Служакой он был, однако, отменным, материальную часть знал превосходно, всевозможные уставы цитировал наизусть и чрезвычайно этим гордился. Ядовитую солдатскую шутку – «о воин, службою живущ! Читай устав на сон грядущ. И утром, ото сна восстав, читай усиленно устав!» – он воспринимал со всей серьезностью. За порядок в роте начальство его ценило: только этим, наверное, можно было объяснить, что Панасюк прочно врос в тыл – за два года войны он так и не понюхал пороха.

Поначалу брату было плохо. Двенадцатичасовой рабочий день на подшипниковом заводе не шел ни в какое сравнение с буднями солдата. За трудным заводским днем стоял дом и книги, которые брат глотал с ненасытной жадностью, приводя в отчаянье библиотекарей. Но одно дело недоспать из-за умной книги, и совсем другое – всю ночь скоблить саперной лопаткой грязный пол казармы. К тому же брата невзлюбил Панасюк. Те, кто служил в армии, знают, как легко может старшина испортить жизнь солдату: неровно пришит воротничок, недочищена винтовка, не так встал, не так сел – наряд вне очереди! Но брат оказался упрямым парнем, и ни разу Панасюк не мог похвастаться тем, что рядовой Полунин сменил свой иронический взгляд на подобострастный. Володька Мастеров, приятель брата, мне рассказывал:

– Панасюк поставил его по стойке «смирно», ухмыльнулся и спрашивает: «Не нравится служба? Думал, в санаторий попадешь?» – «Так точно, товарищ старшина! Думал, что в санаторий!»– «Га, га! Вот представь себе, что ты в гражданке, идешь по улице и видишь меня. Что будешь делать?» – «Отвернусь и сплюну, товарищ старшина!»

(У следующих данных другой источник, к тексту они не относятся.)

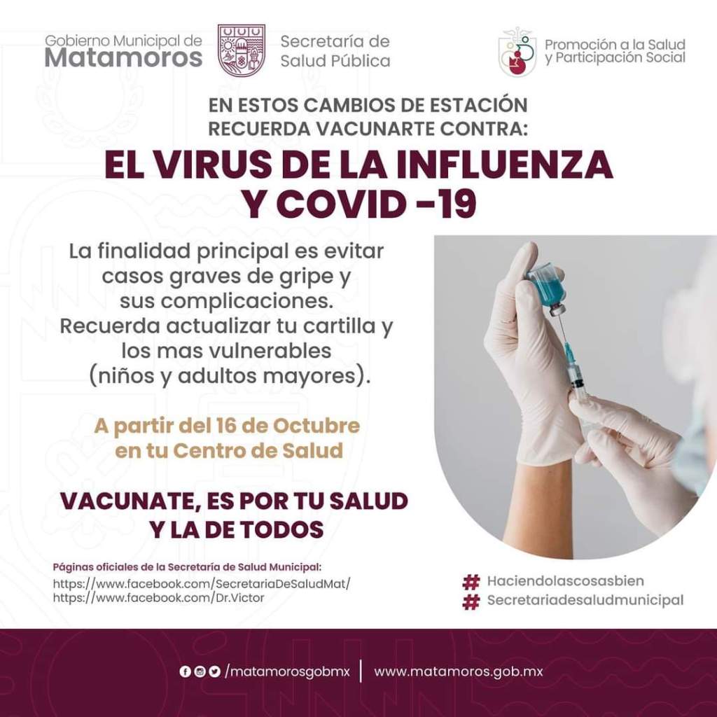 El Gobierno Municipal de Matamoros a través de la Secretaría de Salud Pública Municipal te informa: Publicado porlaopiniondematamorosoctubre 31, 2023noviembre 1, 2023Publicado en #GOBIERNO MUNICIPAL DE MATAMOROS, #MUNICIPIO, #saludmunicipal, GOBIERNO MUNICIPAL DE MATAMOROS, Municipio Matamoros, notícias, noticia nacional e internacional, noticias de Tamaulipas, noticias regionales, periodismo, SALUD, Secretaria de Salud MunicipalEtiquetas:#alcaldedematamoros, #gobiernomunicipal, #MATAMOROS, #MUNICIPIO, #municipiomatamoros En estos cambios de estación recuerda vacunarte contra el virus de la influenza y covid 19. Compártelo: Haz clic para compartir en X (Se abre en una ventana nueva) X Haz clic para compartir en Facebook (Se abre en una ventana nueva) Facebook Haz clic para compartir en WhatsApp (Se abre en una ventana nueva) WhatsApp Haz clic para compartir en X (Se abre en una ventana nueva) X Más Haz clic para compartir en Telegram (Se abre en una ventana nueva) Telegram Me gusta Cargando... Relacionado Publicado por laopiniondematamoros Soy Reportero Con más de 15 años de estar laborando en diferentes medios de comunicación. Ver más entradas

Ух, как я ненавидел Панасюка!

– Напраа-во! Пря-ямо! Запевай!

– Крас-асноармеец был ге-рой, на разведке бо-о-ое-вой! Да эй! Эй, красный герой! На разведке бо-о-оевой!

– Ррота-а, стой! Смиррна! Ра-азойдись!

Наконец-то. Брат и Володька подбежали к забору, упали на траву, донельзя усталые – и веселые! Я передал им буханку и кастрюлю с остывшей перловой кашей, недельную добавку к невеселому тыловому пайку.

– Что это вы лыбитесь, товарищи рядовые?– поинтересовался я.

И мне была рассказана история, до краев наполнившая меня сказочным удовольствием.

Среди целого арсенала «воспитательных средств», которым владел Панасюк, особое место занимала «проверка часового». Ночью старшина подползал со стороны кустов к солдату, стоявшему на часах у склада, выбирал удобный момент, набрасывался, валил на землю, выхватывал из винтовки затвор и убегал. Ну, а потом – наряды вне очереди, гауптвахта, насмешки – выбор был большой. Через это унижение прошло уже человек пять, в том числе брат. Легко себе представить, какими оплеванными чувствовали себя ребята, как травмировали их эти подлые выходки. Панасюк был очень силен, и ребята, идущие в караул, чувствовали себя беспомощными.

Но сегодняшней ночью они были полностью отомщены.

Петьку Ливанова, маленького и щуплого паренька, Панасюк совершенно презирал и свирепо преследовал за необычайную сонливость. Петька мог заснуть на одну, три, десять минут – по заказу. Больше он не выделялся ничем: стрелял средне, на ключе работал на тройку, обмотки закручивал сносно. И вот Петька оказался ночным часовым у того самого склада, рядом с кустами. Лил проливной дождь, ни зги не видно – светомаскировка, и Петька, закутавшись в свою плащ-палатку, прислонился к стене и тихо дремал. В этот момент и накинулся на него Панасюк.

На крики прибежал разводящий, привычно ругая про себя старшину, прибежал – и не поверил своим глазам. В грязной луже, с ног до головы облепленный грязью, лицом вниз лежал Панасюк и дико орал. На нем сидел Петька Ливанов, аккуратно подергивая вывернутые руки старшины и приговаривая: «Часовой, гражданин неизвестный, лицо неприкосновенное. Часовой, гражданин неизвестный, лицо неприкосновенное…»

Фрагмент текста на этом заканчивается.